• **Your task**:
Go to the line containing "Nature itself is" in the records below and print it and every following line exactly, on through the line containing "Compared to Oryon", then stop.

• **Data records**:
⟨

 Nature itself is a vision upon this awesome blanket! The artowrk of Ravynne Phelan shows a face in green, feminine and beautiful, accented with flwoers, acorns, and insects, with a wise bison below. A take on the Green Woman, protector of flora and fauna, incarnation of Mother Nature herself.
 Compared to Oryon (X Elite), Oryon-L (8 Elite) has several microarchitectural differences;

⟩
⟨

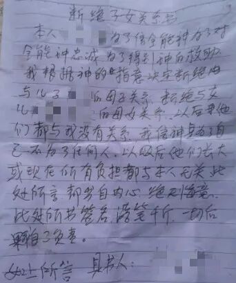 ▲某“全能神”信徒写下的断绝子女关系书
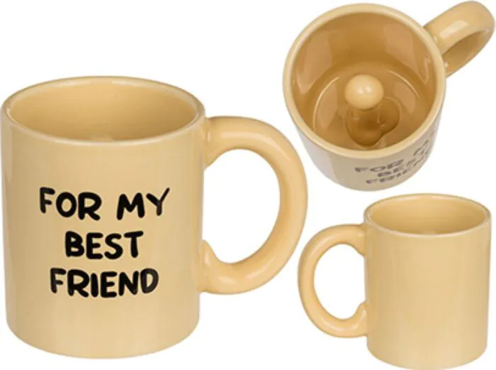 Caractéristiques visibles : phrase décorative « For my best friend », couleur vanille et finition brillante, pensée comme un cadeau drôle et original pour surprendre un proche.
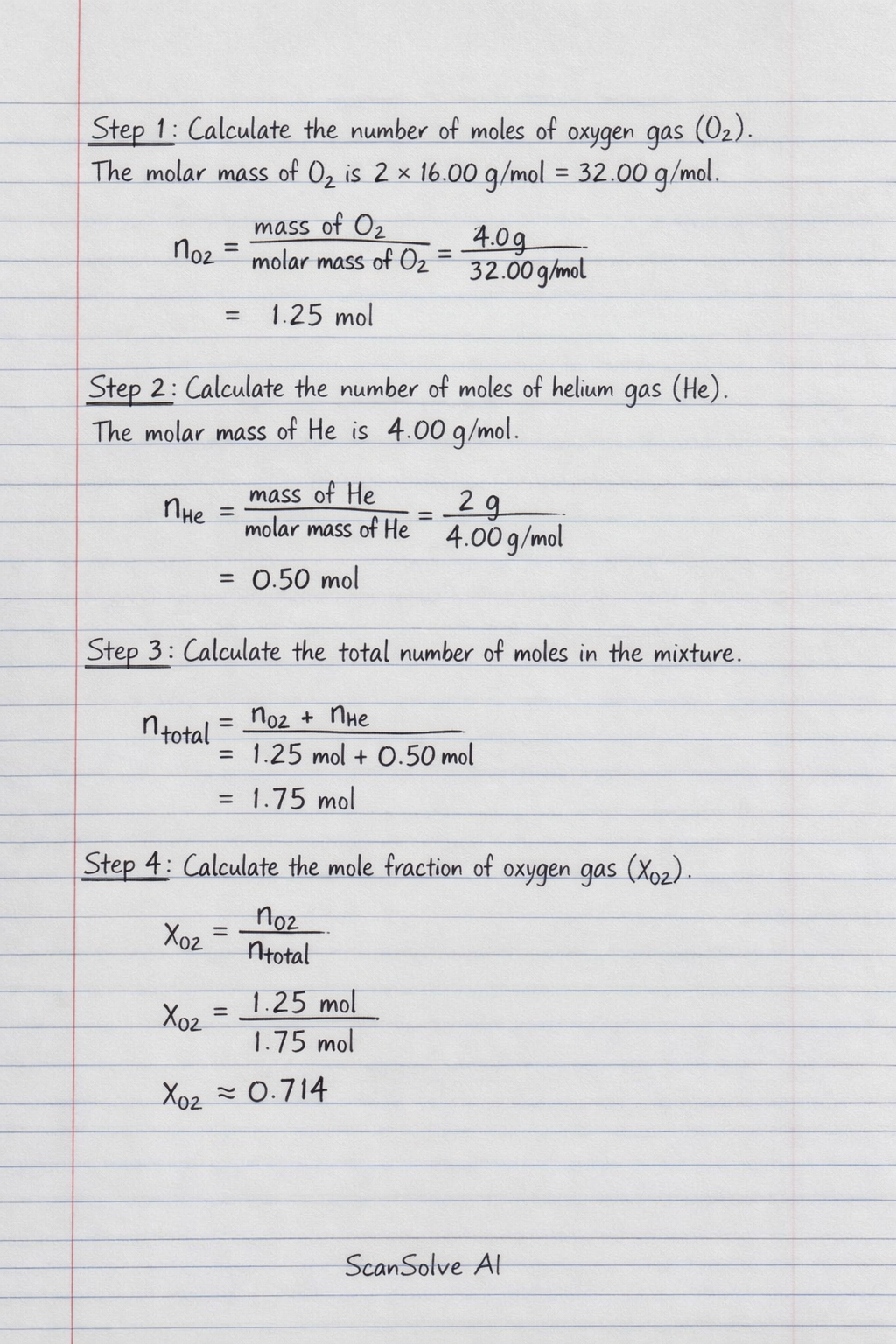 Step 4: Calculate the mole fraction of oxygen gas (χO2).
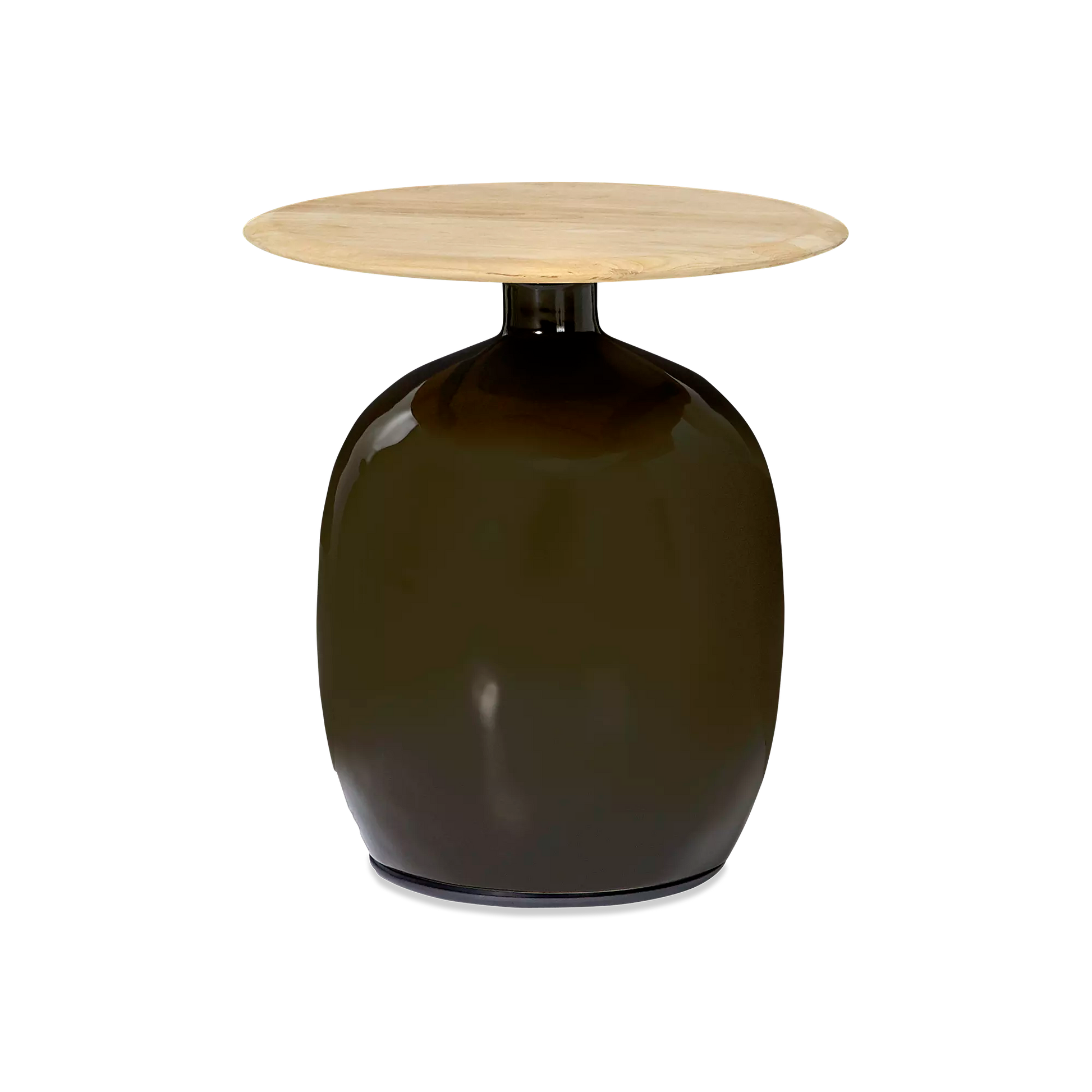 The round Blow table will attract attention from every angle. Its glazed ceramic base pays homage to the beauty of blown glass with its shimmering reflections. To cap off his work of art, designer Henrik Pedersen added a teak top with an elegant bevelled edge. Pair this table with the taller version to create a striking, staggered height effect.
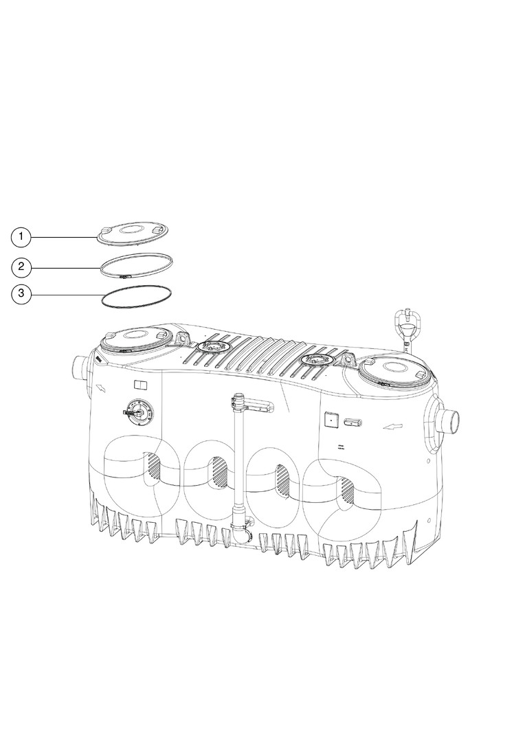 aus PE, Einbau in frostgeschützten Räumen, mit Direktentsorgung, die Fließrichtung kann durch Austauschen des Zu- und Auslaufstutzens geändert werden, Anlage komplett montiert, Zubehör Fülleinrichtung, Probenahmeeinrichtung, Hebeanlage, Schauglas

⟩

• **Output of the exercise**:
 Nature itself is a vision upon this awesome blanket! The artowrk of Ravynne Phelan shows a face in green, feminine and beautiful, accented with flwoers, acorns, and insects, with a wise bison below. A take on the Green Woman, protector of flora and fauna, incarnation of Mother Nature herself.
 Compared to Oryon (X Elite), Oryon-L (8 Elite) has several microarchitectural differences;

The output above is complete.